EXERCISE AIM
Reproduce all the data exactly, without pictures.

SUPPLIED INFORMATION
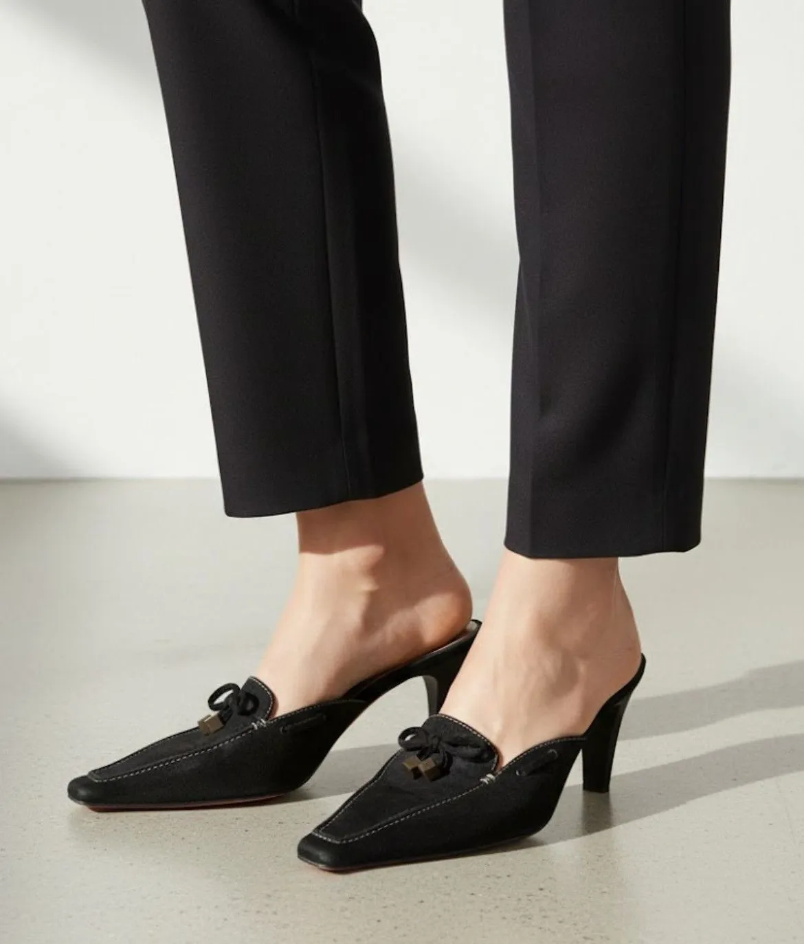 Donald J Pliner "Lona" Black Pointed Square Toe Slides Mules w Heels 8.5 - $50 - From Shelby
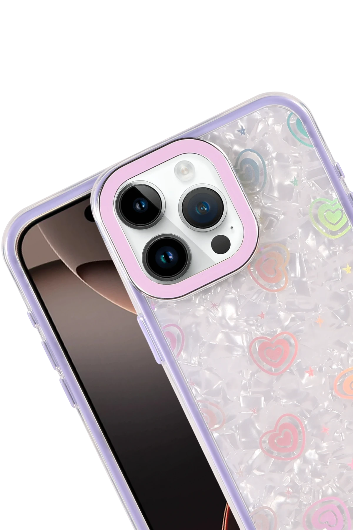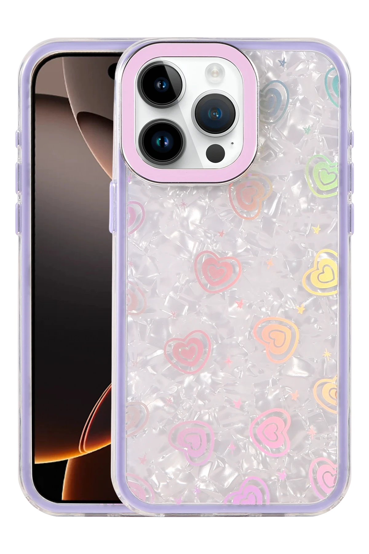 ✅ Kristal şeffaf tasarımı ve renkli kalp desenleriyle şık bir görünüm sunar.
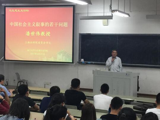 2017年4月21日,原上海社科院委员会书记、博士生导师、上海市委宣传部副部长潘世伟教授莅临我校。潘教授应邀,于21日第7、8节课,在海韵教学楼104为我校本科生带来一场以“中国社会主义叙事的若干问题”为题的精彩讲课。“专家进课堂”是我院一项特色教学设计,旨在提高我校教学质量和学生学业素质。

TASK ANSWER
 Donald J Pliner "Lona" Black Pointed Square Toe Slides Mules w Heels 8.5 - $50 - From Shelby
 ✅ Kristal şeffaf tasarımı ve renkli kalp desenleriyle şık bir görünüm sunar.
 2017年4月21日,原上海社科院委员会书记、博士生导师、上海市委宣传部副部长潘世伟教授莅临我校。潘教授应邀,于21日第7、8节课,在海韵教学楼104为我校本科生带来一场以“中国社会主义叙事的若干问题”为题的精彩讲课。“专家进课堂”是我院一项特色教学设计,旨在提高我校教学质量和学生学业素质。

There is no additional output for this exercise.